Visual Display of Parties to a Remotely Interpreted Police Interview

Past psychological research in the USA established that when the suspect’s face is the focus of the camera display and the interrogator is not accorded equal space, observers tend to perceive the suspect’s statements to be more voluntary and less coerced; thus, perceptions of the suspect’s culpability can increase (Lassiter, 2010). However, when the suspect is a minority (e.g., Black or Chinese), and the interrogator is White, even when images of both the suspect and the interrogator are displayed equally, the minority suspect’s statements were perceived as more voluntary, and his guilt as more probable. This effect disappeared when both the interrogator and the suspect were minorities (Ratcliff et al., 2010).

To date, these effects have not been tested in the context of video-mediated remote interpreting, where various members of the interview group might appear remotely on a video screen, depending on the configurations of who is co-located and who is attending the proceedings from a remote location. At times, the interpreter might appear remotely, while the interviewer and suspect are together; at other times, the interpreter and the interviewee might be together, separate from the interviewer. For example, if a minority group member is in custody or is outside of the jurisdiction, seeking asylum in a migration proceeding, this person might attend the legal proceedings remotely via video, and the interpreter and the interviewer might be co-located elsewhere (Licoppe et al., 2018). Moreover, the impact of matching the ethnic background of the interpreter to that of the suspect or that of the interrogator has not been tested either in a remote location or in person.

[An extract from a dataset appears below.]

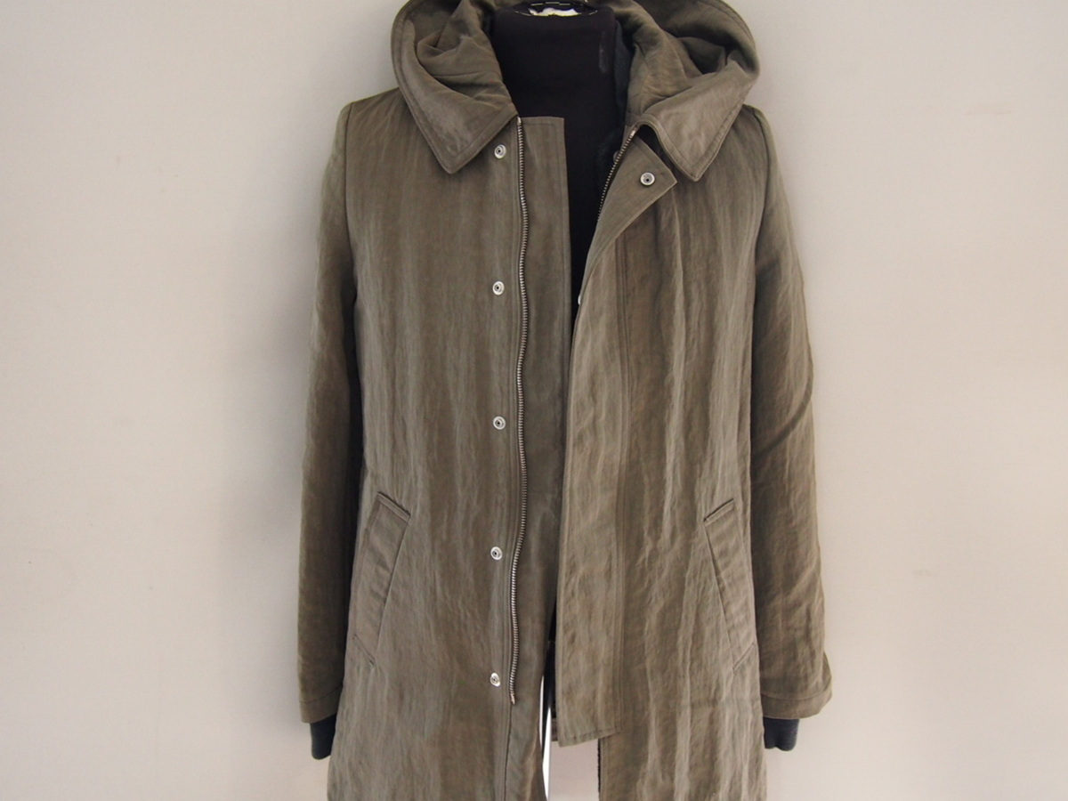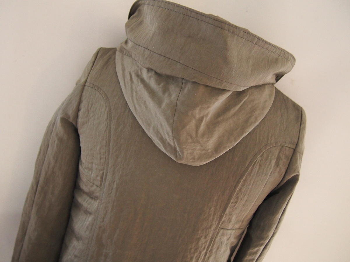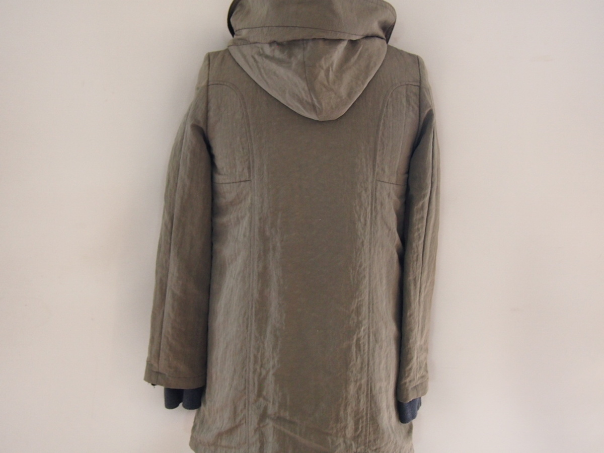 ファドスリーの長袖ミリタリーフーディコート/レディースです。 ボタン留めによる着脱式ライナー付きです。 一体式フード、フライフロント開閉部はスナップボタン&シングルジップアップ仕様、サイドオープンポケット配置、袖口切替リブ地です。 サイズ表記はSサイズです。 平置き採寸肩幅約38cm、身幅(脇下)約43.5cm、袖丈(切替リブ地迄)約64cm、着丈約77.5cm。 素人採寸ですので多少の誤差はご了承ください。 カラーはカーキ系等を基調。 微妙なお色、デザインですので写真をよく参照してください。 素材は本体表地ナイロン100%、ライナー部分毛65%、ナイロン35%、別布部分綿100%、リブ部分アクリル80%、ナイロン15%、毛5%。 中古品ですので細かい汚れや傷など気にされる神経質なかたの入札はご遠慮ください。 ノークレーム、ノーリターンでお願いします。 レディース・メンズ又はユニセックス等の区別に関してランドリータグ等に記載がない場合、弊社の判断でカテゴリー化しています。 尚メンズ・レディースの判断は弊社では出来かねますので、サイズに関しましてはメーカーサイズの他に商品を実際に測った平置き採寸を必ずご確認ください。(各メーカーによりサイズの採寸が異なります。) |

The expansion and advancement of videoconferencing technology and videolink capabilities via the internet, and their widespread availability, has generated a series of new questions surrounding the effectiveness of remote interpretingservices. The topic of remote interpreting in police interviews remains vastly under-researched, and rigorous studies are needed.

Interviewing Strategy Maintenance in Interpreted Police Interviews

Given the importance of specialized interviewing strategies in investigative interviews and the prevalence of police interviews with non-English-speaking witnesses and suspects, one would expect more research attention to the impact of interpreters on widely used questioning strategies, such as open-ended questions seeking narrative responses, the Cognitive Interview, and rapport building. To date, few experimental studies of these topics have been undertaken.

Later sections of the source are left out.